Protocol Citation: Edison Carrasco-Jiménez 2026. SANRA Quality Self-Assessment Protocol. protocols.io https://dx.doi.org/10.17504/protocols.io.rm7vzeddrvx1/v1

Manuscript citation:

Artificial Intelligence in Nursing Documentation: Efficiency Gains and the Redistribution of Cognitive Work

License: This is an open access protocol distributed under the terms of the Creative Commons Attribution License, which permits unrestricted use, distribution, and reproduction in any medium, provided the original author and source are credited

Protocol status: Working

We use this protocol and it's working

Created: March 04, 2026

Last Modified: March 11, 2026

Protocol Integer ID: 246426

Keywords: research on narrative review quality, narrative review quality, quality of narrative review article, narrative review article, assessment of the manuscript, quality assessment, scale for the quality assessment, peer review, sanra quality self, advance of peer review, asserting quality, revisions during manuscript development, manuscript development, assessment, assessment protocol this document, research integrity, assessment protocol, quality, quality claim, sanra scale, enabling reviewer, review, scoring process, informed revision, finding, editorial decision, traceable record of methodological decision, manuscript, using sanra, purposes in this submission, research, methodological decision

Abstract

This document reports the authors' self-assessment of the manuscript using the SANRA scale — the Scale for the Quality Assessment of Narrative Review Articles (Baethge, Goldbeck-Wood, 26 Mertens, 2019; Research Integrity and Peer Review, 4(1), 5. https://doi.org/10.1186/s41073-019-0064-8). SANRA was developed to provide a brief, standardised instrument for evaluating the quality of narrative review articles across six domains. It is used in editorial decision-making, peer review, and research on narrative review quality. Authors' self-assessment using SANRA serves three purposes in this submission. First, it demonstrates methodological transparency: the scoring process requires the authors to make explicit the evidence basis for each quality claim rather than asserting quality narratively.

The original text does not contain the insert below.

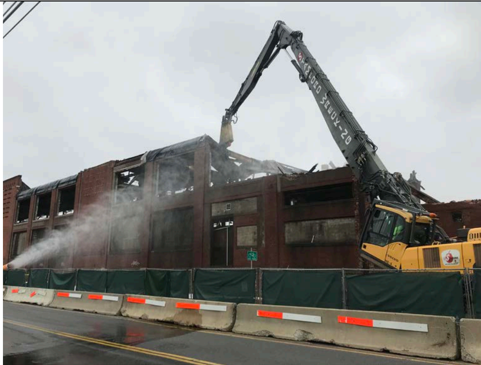
Photo 27: 8/14/2019, Demolition of the second-floor mezzanine on the northern side of Station B.
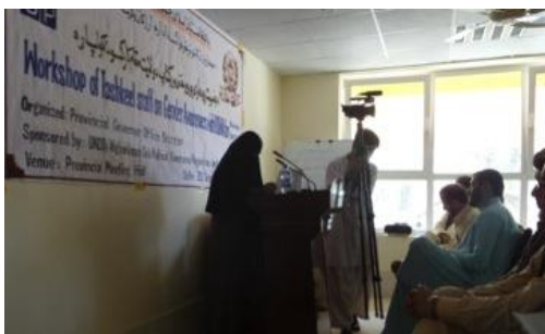
In Uruzgan, an official from the Human Rights Commission addresses a workshop on gender awareness for tashkeel personnel.

During 2014, 29 PGO HR plans include a Gender Mainstreaming Session, and progress against the indicator is off target of 30.

Second, it identifies specific limitations honestly and in advance of peer review, enabling reviewers to assess how the authors have handled known weaknesses rather than discovering them as unacknowledged gaps. Third, it documents how SANRA findings informed revisions during manuscript development, providing a traceable record of methodological decision-making.

Guidelines

The following sections provide the full evidence base and limitation analysis for each SANRA item. For each item, four components are reported: (1) the item definition and scoring anchors as per Baethge et al. (2019); (2) the manuscript evidence supporting the assigned score, with specific section and page references; (3) acknowledged limitations that qualify or constrain the assigned score; and (4) the score rationale explaining why the assigned score was selected over the alternatives.

Troubleshooting

DETAILED ITEM ASSESSMENTS

Item 5: Scientific Reasoning
Definition: Is the review's argument logically structured, conclusions supported by evidence, and evidence-reasoning relationships transparent?
Scoring Anchors: 0 — Reasoning unclear or circular; conclusions not derivable from evidence presented. 1 — Reasoning generally coherent but with notable logical gaps, unsupported claims, or conclusions that exceed evidence. 2 — Reasoning explicit and traceable; conclusions proportionate to evidence; uncertainty acknowledged where appropriate.
Manuscript Evidence The review advances a single central argument — the distinction between temporal efficiency and cognitive transformation — developed sequentially across Theoretical Foundations (CLT framework and automation research), Results (evidence synthesis across five thematic axes), and Discussion (clinical, educational, and policy implications). Each claim is attributed to specific studies with explicit epistemic hedging: quantitative figures from Zhao et al. (2026) are presented with their Ie75% limitation; perceived burden findings are distinguished from validated cognitive load measurement; deskilling evidence is qualified by the absence of longitudinal nursing-specific data. The conceptual contribution (Section 2.3) is positioned as a framework for interpretation rather than an empirical finding, which is appropriate for the review type. No conclusions are presented as established facts without supporting evidence.
Acknowledged Limitations The review's argument rests on a conceptual distinction (temporal efficiency vs. cognitive transformation) that, while theoretically grounded, has not been operationally validated in nursing research. The review proposes this distinction as analytically useful; it does not demonstrate empirically that the two constructs are independent or separable in nursing practice contexts. This represents an appropriate limitation of a theoretical synthesis rather than a flaw in reasoning, but it should be recognised.
Score Rationale Score 2: Argument is logically structured, evidence-reasoning links are explicit, uncertainty is consistently acknowledged, and conclusions are calibrated to evidence strength. The conceptual contribution is appropriately framed as theoretical rather than empirical.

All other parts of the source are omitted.